Input data:
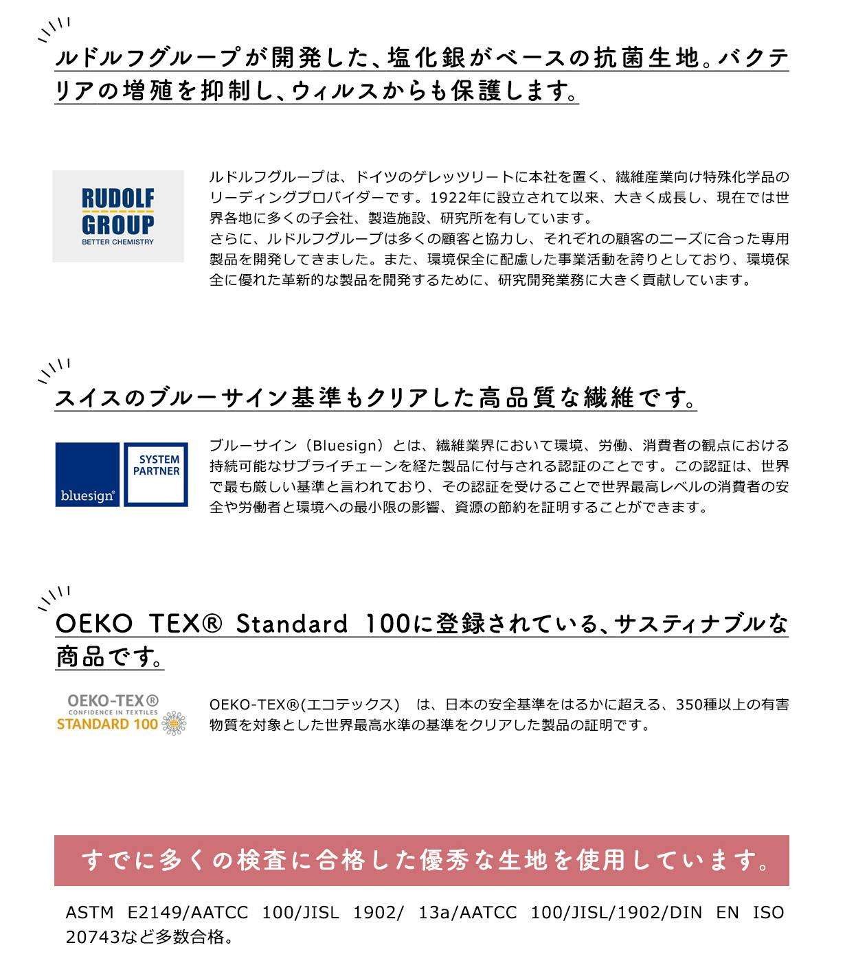 この生地には、塩化銀をベースにしたルドルフ社グループの活性物質RUCO®-BAC AGPが搭載されています。そのため、抗ウィルス・抗菌効果が半永久的に持続します。
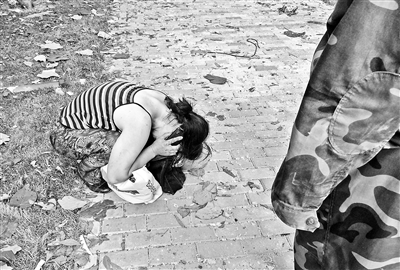 失去独子的阿姨蹲在地上给老家打电话报去噩耗 摄影/本报记者 郁骁
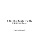 Chapter 1: Introduction The 802.11n Router with USB2.0 Port is a draft 802.11n/b/g compliant Wireless Broadband Router with 4-port Fast Ethernet Switch. 802.11n Router with USB2.0 Port with latest Draft 802.11n technology that delivers up to 150Mbps wireless, provides multi-functional capabilities, particularly the high-performance throughput and high-quality security to propose an integrated, thorough SOHO solution. The incredible speed of 802.11n Router with USB2.
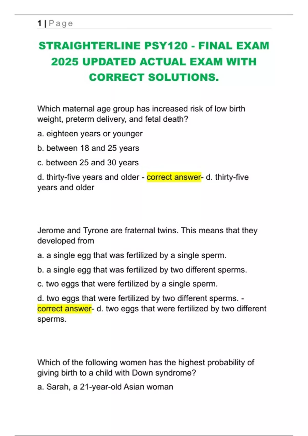STRAIGHTERLINE PSY120 - FINAL EXAM

Instructions to follow: Copy out, with no pictures, the lines from the one containing "失去独子的阿姨蹲在地上给老家打电话报去噩耗 摄影/本报记者 郁骁" through the last line of the data above, both ends included and each word unchanged.

Your solution:
 失去独子的阿姨蹲在地上给老家打电话报去噩耗 摄影/本报记者 郁骁
 Chapter 1: Introduction The 802.11n Router with USB2.0 Port is a draft 802.11n/b/g compliant Wireless Broadband Router with 4-port Fast Ethernet Switch. 802.11n Router with USB2.0 Port with latest Draft 802.11n technology that delivers up to 150Mbps wireless, provides multi-functional capabilities, particularly the high-performance throughput and high-quality security to propose an integrated, thorough SOHO solution. The incredible speed of 802.11n Router with USB2.
STRAIGHTERLINE PSY120 - FINAL EXAM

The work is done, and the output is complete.